Exercise directions ::
What is needed is an exact copy of the records, with the images left out.

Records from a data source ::
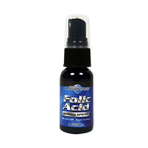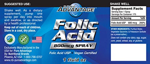 -. Feature : Pure Advantage Folic Acid Spray is great tasting rapid absorbing spray that delivers 800 mcg of USP grade folic acid per serving; sprays are known to be more effective and get the folic acid in the blood stream quicker than folic acid capsules or pills / Folic acid, also known as folate, is a B vitamin is a brain food and is needed for cell replication, growth, and the maintenance of cells / Our folic acid spray is great tasting and contains no sugar, artificial colors, or sweeteners, dairy, egg, sugar, corn, yeast, wheat, soy, or gluten; all Pure Advantage products are produced in an FDA regulated facility to ensure quality / As one of the B vitamins, folic acid acts as a co-enzyme in the formation of red blood cells and nucleic acid, it plays a role in the breakdown and utilization of protein, and aids in the performance of the liver along with promoting both mental and emotional health / Shake well before using Pure Advantage Folic Acid Spray; 1 oz of like folic acid per bottle, or 175 servings
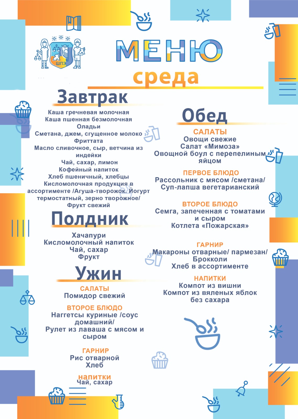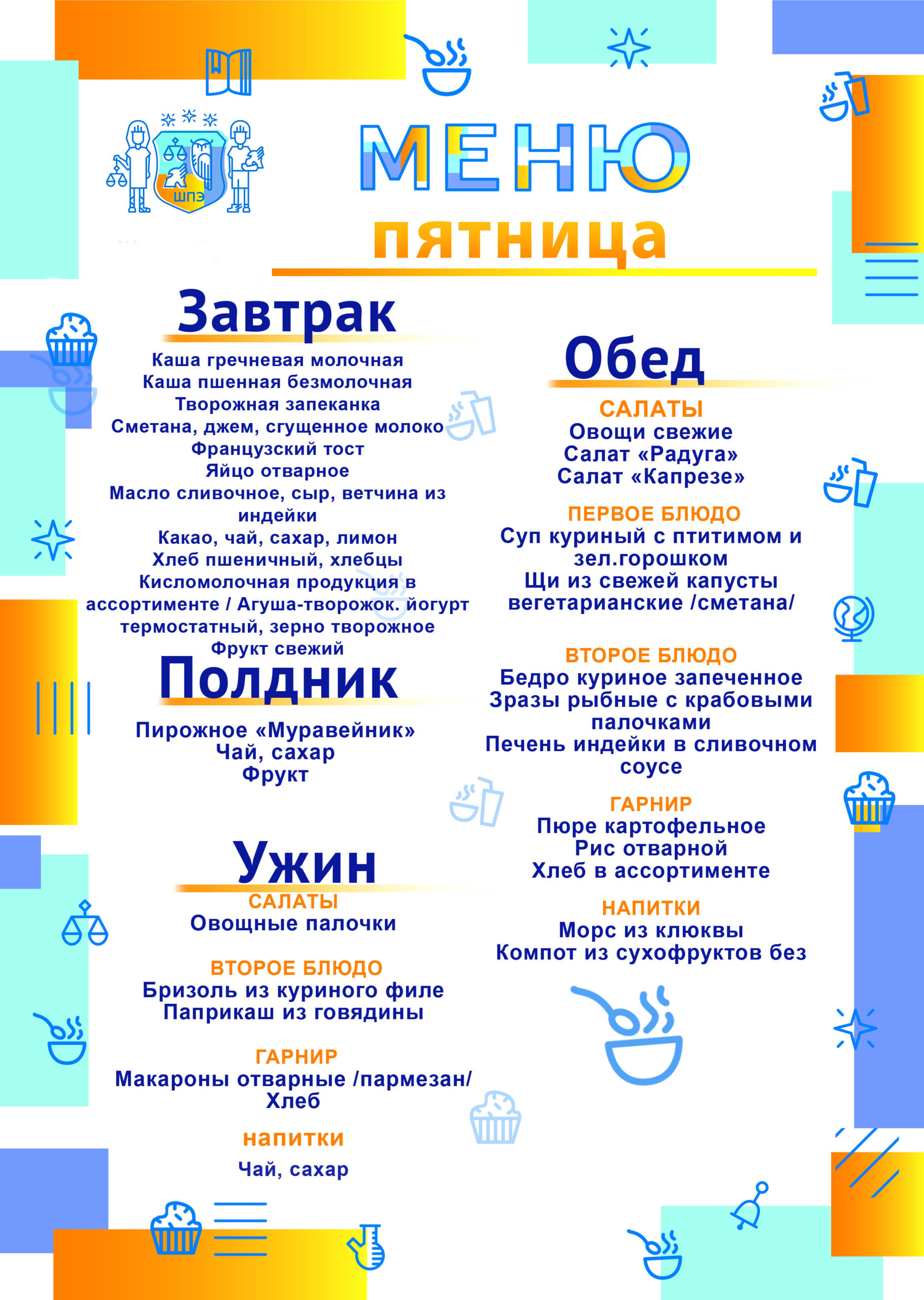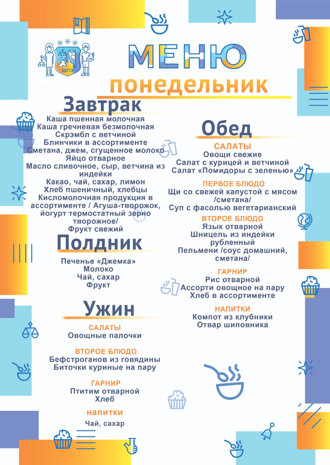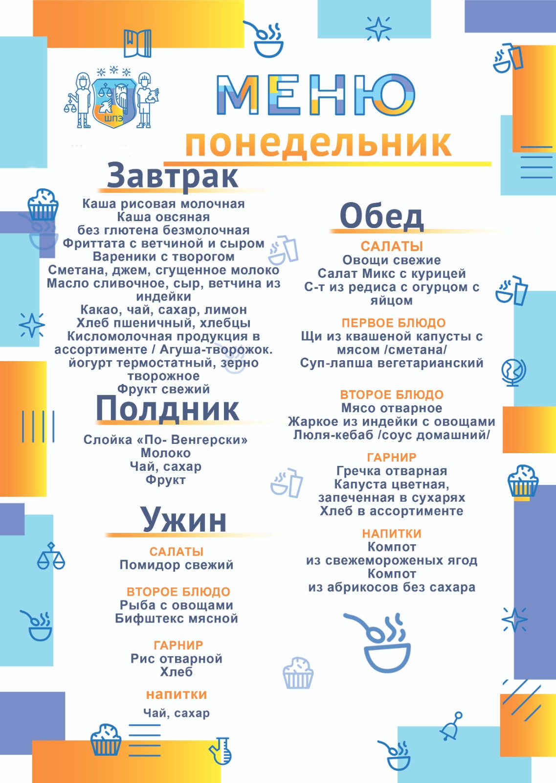 Родители хотят видеть своих детей здоровыми, успешными, растущими, сильными и активными. Ритм жизни школьника весьма динамичен: общеобразовательные уроки первой половины дня, занятия дополнительного образования, участие в проектной деятельности и жизни школы. В таком режиме ребенок живет всю неделю. Уверенность в своих силах, успехи в учебе, концентрация внимания, а также способность к запоминанию, имеют прямую связь с рационом питания. Рациональное питание обучающихся является одним из важных условий создания здоровьесберегающей среды в общеобразовательной организации. Школа права и экономики, обращает особое внимание на закладку фундамента хорошего здоровья и вопросу питания отводим особую роль.
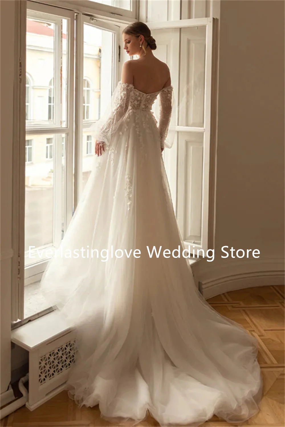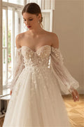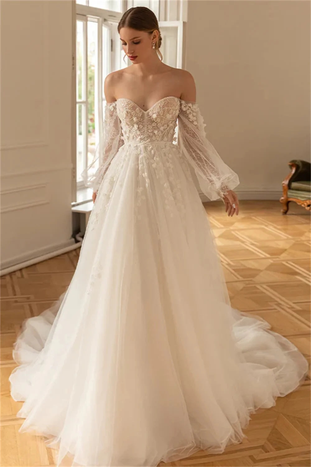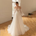Charning Long Sleeves 3D Flower Lace Applique Bridal Grown A Line Wedding Dresses Long Puff Sleeves  2026 Vestido De Noival
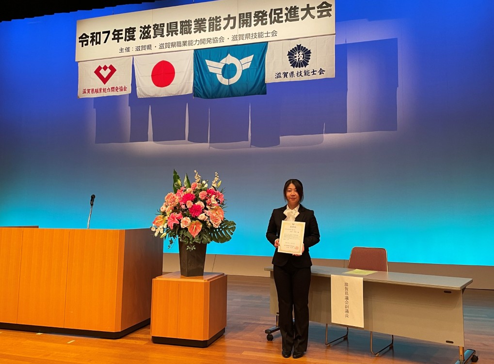 令和7年度技能競技大会において特に優秀な成績を修めたとして、当社分析検査部社員が滋賀県職業能力開発協会の会長表彰を受領しました。
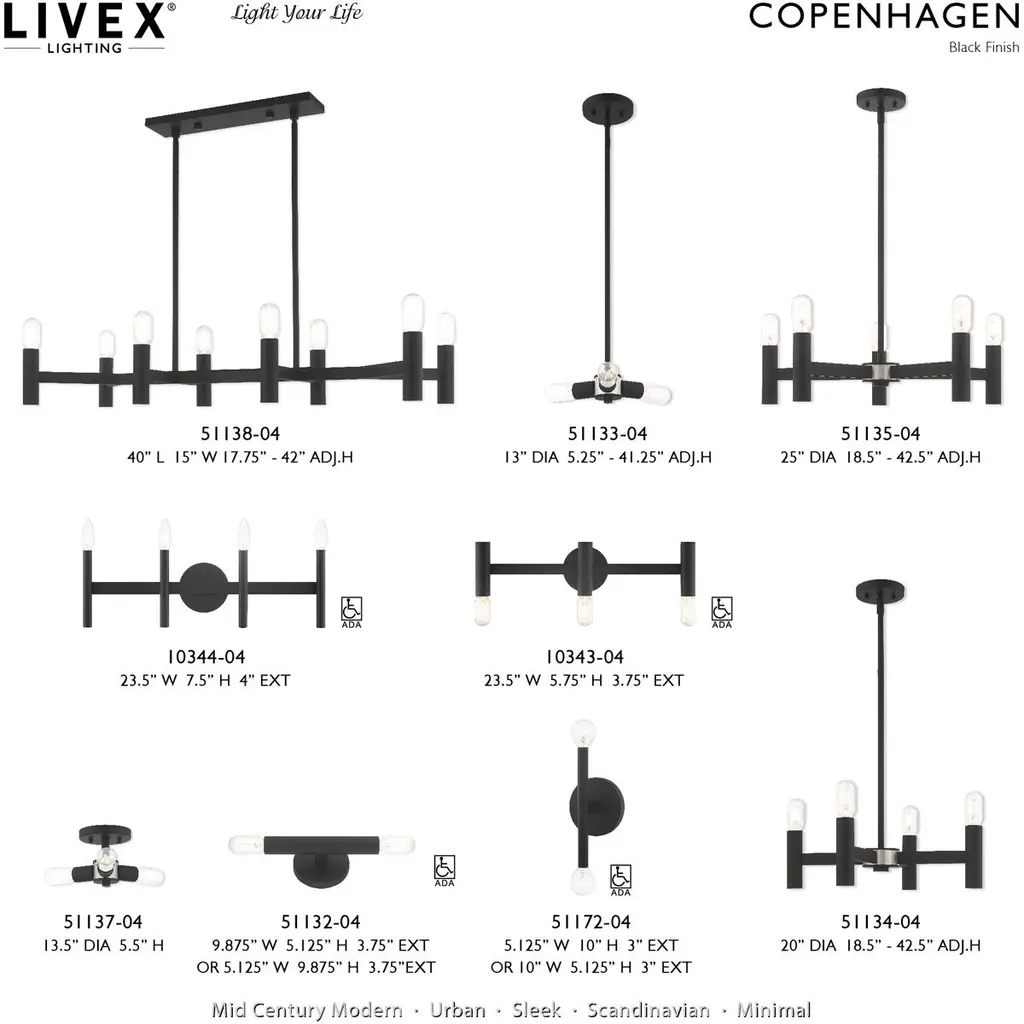 Copenhagen 5 Light 25 Inch Black Chandelier Ceiling Light
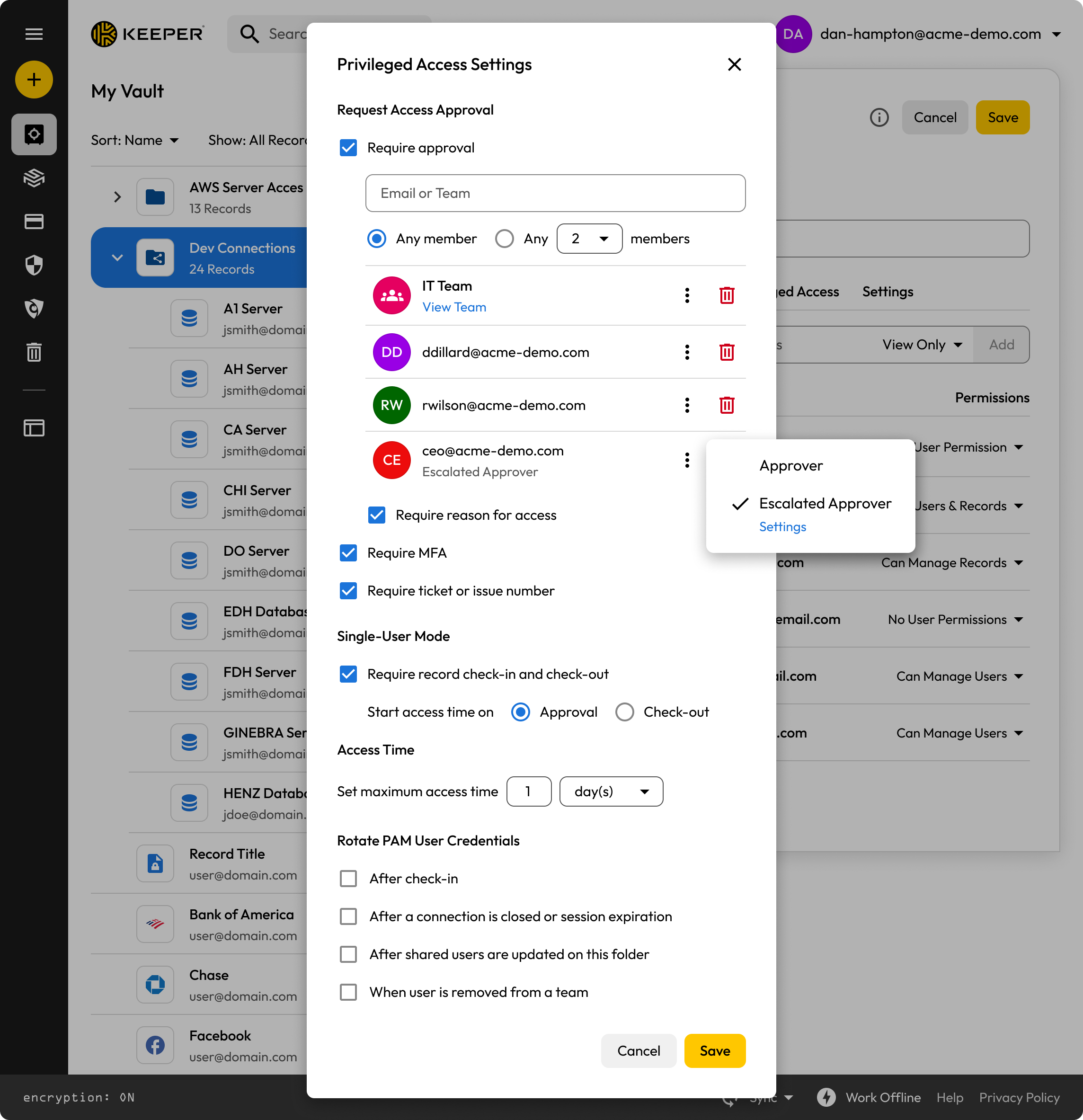 KeeperPAM includes flexible approval workflows for JIT access requests, ensuring proper oversight of privileged access.
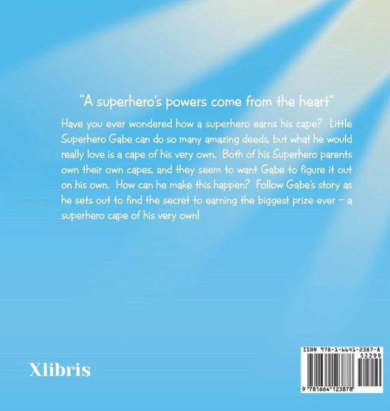 "A superhero's powers come from the heart" Have you ever wondered how a superhero earns his cape? Little Superhero Gabe can do so many amazing deeds, but what he would really love is a cape of his very own. Both of his Superhero parents own their own capes, and they seem to want Gabe to figure it out on his own. How can he make this happen? Follow Gabe's story as he sets out to find the secret to earning the biggest prize ever - a superhero cape of his very own!

Answer space ::
 -. Feature : Pure Advantage Folic Acid Spray is great tasting rapid absorbing spray that delivers 800 mcg of USP grade folic acid per serving; sprays are known to be more effective and get the folic acid in the blood stream quicker than folic acid capsules or pills / Folic acid, also known as folate, is a B vitamin is a brain food and is needed for cell replication, growth, and the maintenance of cells / Our folic acid spray is great tasting and contains no sugar, artificial colors, or sweeteners, dairy, egg, sugar, corn, yeast, wheat, soy, or gluten; all Pure Advantage products are produced in an FDA regulated facility to ensure quality / As one of the B vitamins, folic acid acts as a co-enzyme in the formation of red blood cells and nucleic acid, it plays a role in the breakdown and utilization of protein, and aids in the performance of the liver along with promoting both mental and emotional health / Shake well before using Pure Advantage Folic Acid Spray; 1 oz of like folic acid per bottle, or 175 servings
 Родители хотят видеть своих детей здоровыми, успешными, растущими, сильными и активными. Ритм жизни школьника весьма динамичен: общеобразовательные уроки первой половины дня, занятия дополнительного образования, участие в проектной деятельности и жизни школы. В таком режиме ребенок живет всю неделю. Уверенность в своих силах, успехи в учебе, концентрация внимания, а также способность к запоминанию, имеют прямую связь с рационом питания. Рациональное питание обучающихся является одним из важных условий создания здоровьесберегающей среды в общеобразовательной организации. Школа права и экономики, обращает особое внимание на закладку фундамента хорошего здоровья и вопросу питания отводим особую роль.
Charning Long Sleeves 3D Flower Lace Applique Bridal Grown A Line Wedding Dresses Long Puff Sleeves  2026 Vestido De Noival
 令和7年度技能競技大会において特に優秀な成績を修めたとして、当社分析検査部社員が滋賀県職業能力開発協会の会長表彰を受領しました。
 Copenhagen 5 Light 25 Inch Black Chandelier Ceiling Light
 KeeperPAM includes flexible approval workflows for JIT access requests, ensuring proper oversight of privileged access.
 "A superhero's powers come from the heart" Have you ever wondered how a superhero earns his cape? Little Superhero Gabe can do so many amazing deeds, but what he would really love is a cape of his very own. Both of his Superhero parents own their own capes, and they seem to want Gabe to figure it out on his own. How can he make this happen? Follow Gabe's story as he sets out to find the secret to earning the biggest prize ever - a superhero cape of his very own!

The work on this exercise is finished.